Agreed! I may be able to write perf benchmark tests to highlight
benefits to git add as well.

> 20% of the working tree, running refresh_fsmonitor() for the entire
> working tree is still a win, but if we are only checking less than
> that, we are better off without fsmonitor, or does a tradeoff like
> that exist?

My understanding is that refresh_fsmonitor is
O(delta_since_last_refresh) - so for developers
with large repositories - this cost will amortize out over subsequent
commands, so I don't
think it's worth investigating this tradeoff here.
As a user of large repositories, I expect that my major source of
fsmonitor activity to be user
intent (eg git pull, or intentionally copying/editing a large number
of files). After such a command,
I expect my next git command to be slower - that would be unsurprising.

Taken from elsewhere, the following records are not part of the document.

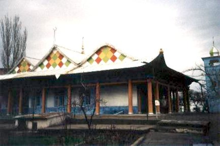 Pero la más curiosa construcción, es la Mezquita Dungan (foto 2), pertenece a un periodo pre-islámico-budista, lógicamente el minarete que existía, los rusos se encargaron de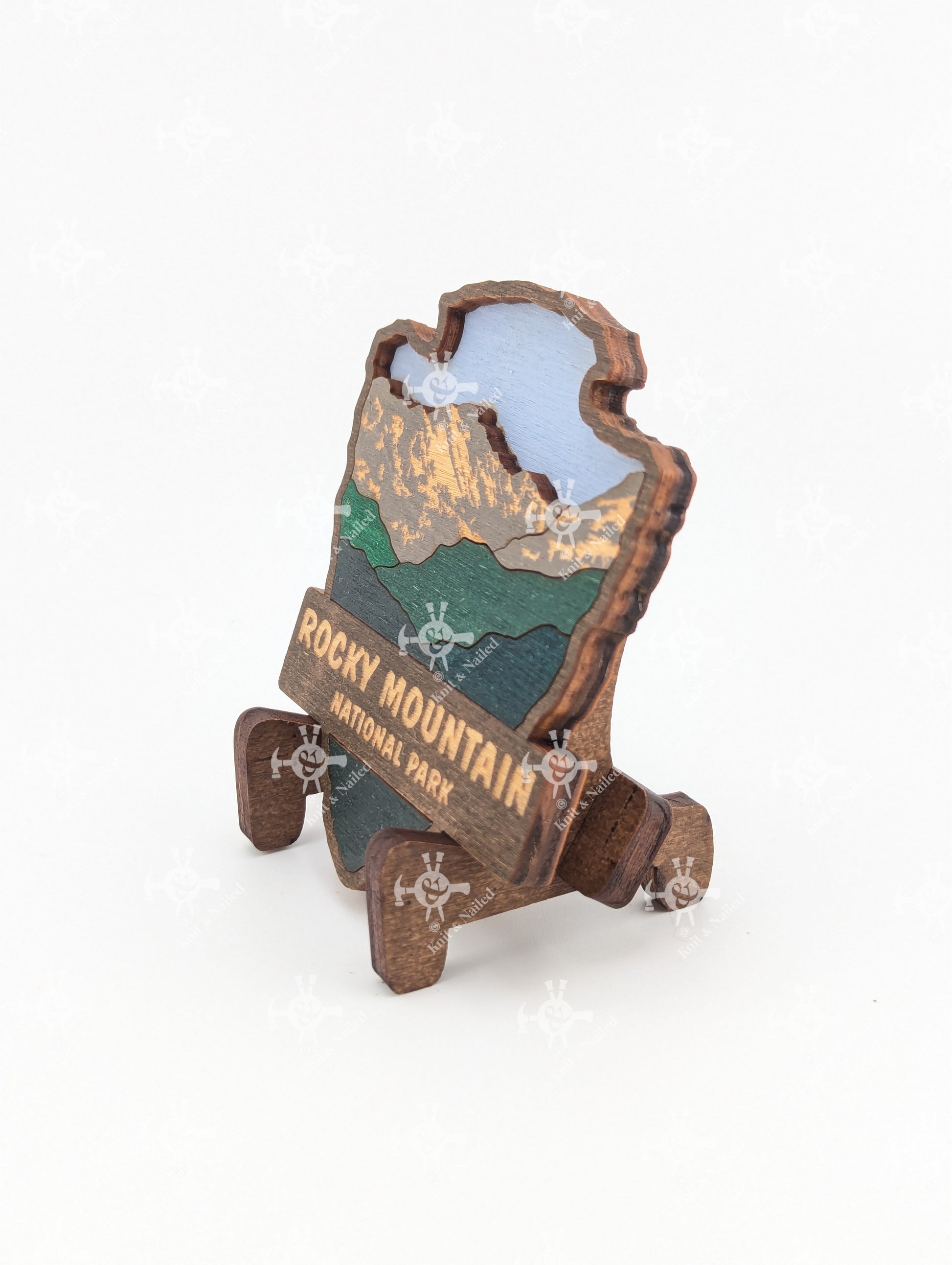 Celebrate your love for the great outdoors with this handcrafted wooden magnet or ornament. Inspired by the classic National Park Arrowhead, its layered design highlights the beauty of nature and brings a touch of the wilderness into your home. Whether displayed on your fridge or hung as décor, it makes a perfect keepsake, gift, or addition to your National Park collection. Each piece is laser-cut and hand-finished, making each item a one-of-a-kind piece of art. Created in our home. From our family to yours. Dimensions: 3.5" tall x 3" wide.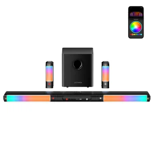 The Apollo S70 Ultra sound bar not only delivers exceptional sound quality but also functions as a 2-in-1 entertainment hub, blending high-quality audio with dynamic RGB lighting. This TV soundbar enhances your listening experience while adding vibrant colors to your space, elevating both the atmosphere and aesthetic of your home. Please note: The soundbar's backlights cannot sync with the TV screen's colors and rhythm.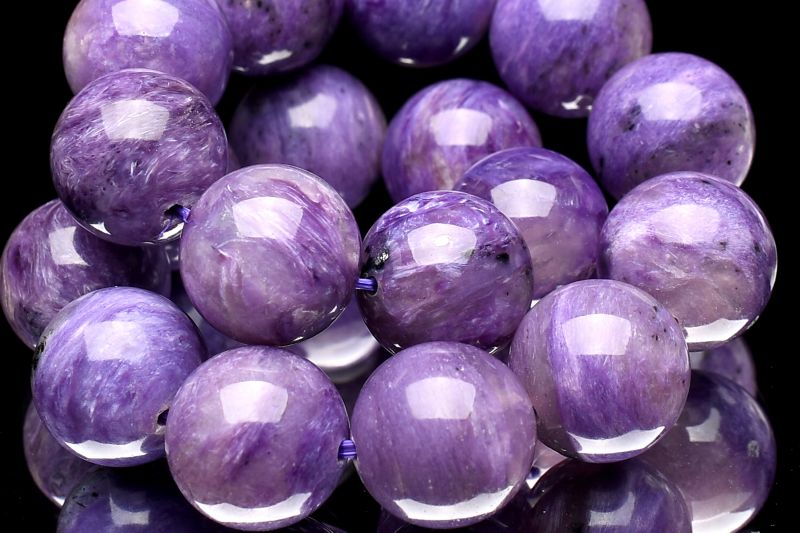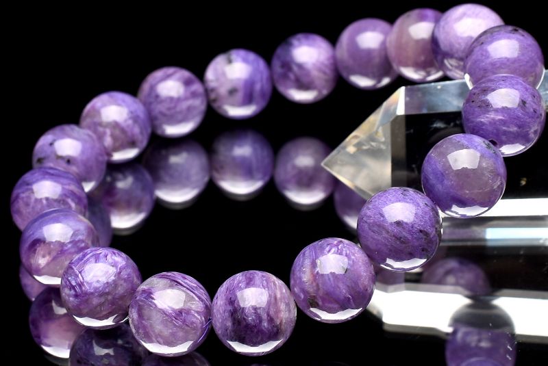チャロアイトという名前の由来には、シベリアのチャロ川流域で発見された事とする説と、ロシア語の(Charo魅惑)から名づけられたという説がありますが、後者の方が有力であるとされています。その名の通り、この石の個性的な模様は、見る人を魅了してやみません。まさに、「魅惑の宝石」にぴったりな石です。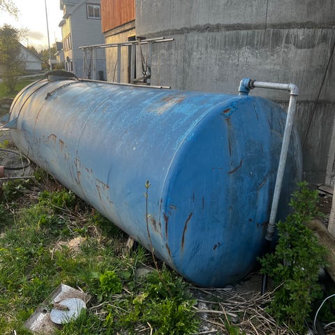 1000 liters tank. Har stått lagra i låve fleire år. Tidlegare brukt til vatn. Hentast i Kjødepollen.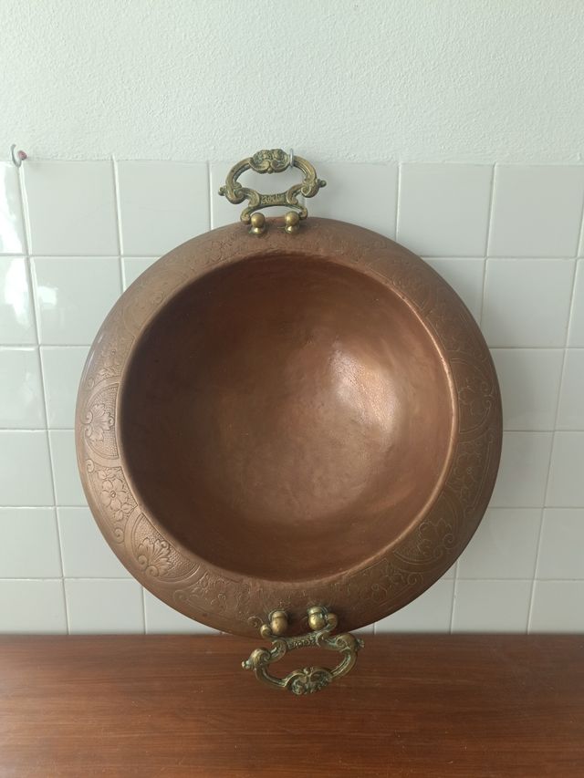 Braseira muito antiga, com cerca de 70 anos,em cobre de Borba como se pode ver a gravação nas pegas em bronze Diâmetro 50 cm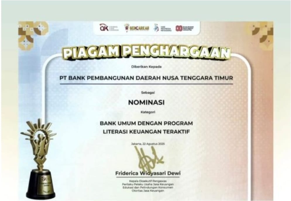 KUPANG,Arahntt.com- PT Bank Pembangunan Daerah Nusa Tenggara Timur (Bank NTT) kembali menorehkan prestasi di tingkat nasional. Bank kebanggaan masyarakat NTT ini meraih nominasi pada ajang Financial Literacy Award 2025 yang digelar oleh Otoritas Jasa Keuangan (OJK) di Jakarta, Jumat (22/8/2025).

I think the tradeoff could be made for small diff requests, but I
don't think it's worth adding complexity here -
as that user will just have to pay the cost on their next git command.

> > +              *  eg - via git udpate-index --assume-unchanged
> > +              *  eg - via core.ignorestat=true
>
> ... what are these two lines doing here?

Intended to indicate potential ways that CE_VALID might be set. When I
was reading the source
here, it was pretty difficult to determine how this would be set.
Agree that I picked unfortunate wording.
Thanks for the suggestions. Will update in the next iteration.

>
> would probably be what you meant bo say.
>
>         When CE_VALID is set (via "update-index --assume-unchanged"
>         or via adding paths while core.ignorestat is set to true),
>         the user has promised that the working tree file for that
>         path will not be modified.  When CE_FSMONITOR_VALID is true,
>         the fsmonitor knows that the path hasn't been modified since
>         we refreshed the cached stat information.  In either case,
>         we do not have to stat to see if the path has been removed
>         or modified.
>
> or something like that, perhaps.

Sounds good. Will clarify. I like your comment better as well.

>
> > +              */
> > +             if (ce->ce_flags & CE_VALID || ce->ce_flags & CE_FSMONITOR_VALID) {
>
> Would it become easier to read, if written like this instead?
>
>                 if (ce->ce_flags & (CE_VALID | CE_FSMONITOR_VALID)) {

I personally find this more confusing because it involves multiple
bitwise ops, but this
is potentially due to me having more mental practice thinking about
boolean operators vs bitwise operators.
I'm more than happy to align with the common pattern of the repo. I'll
change this.

>
> Thanks.

Thank you for the thorough review!

Taylor Blau Oct. 18, 2020, 4:17 a.m. UTC | #3

On Sun, Oct 18, 2020 at 01:54:44AM +0100, Nipunn Koorapati wrote:
> > 20% of the working tree, running refresh_fsmonitor() for the entire
> > working tree is still a win, but if we are only checking less than
> > that, we are better off without fsmonitor, or does a tradeoff like
> > that exist?
>
> My understanding is that refresh_fsmonitor is
> O(delta_since_last_refresh) - so for developers
> with large repositories - this cost will amortize out over subsequent
> commands, so I don't
> think it's worth investigating this tradeoff here.
> As a user of large repositories, I expect that my major source of
> fsmonitor activity to be user
> intent (eg git pull, or intentionally copying/editing a large number
> of files). After such a command,
> I expect my next git command to be slower - that would be unsurprising.
>
> I think the tradeoff could be made for small diff requests, but I
> don't think it's worth adding complexity here -
> as that user will just have to pay the cost on their next git command.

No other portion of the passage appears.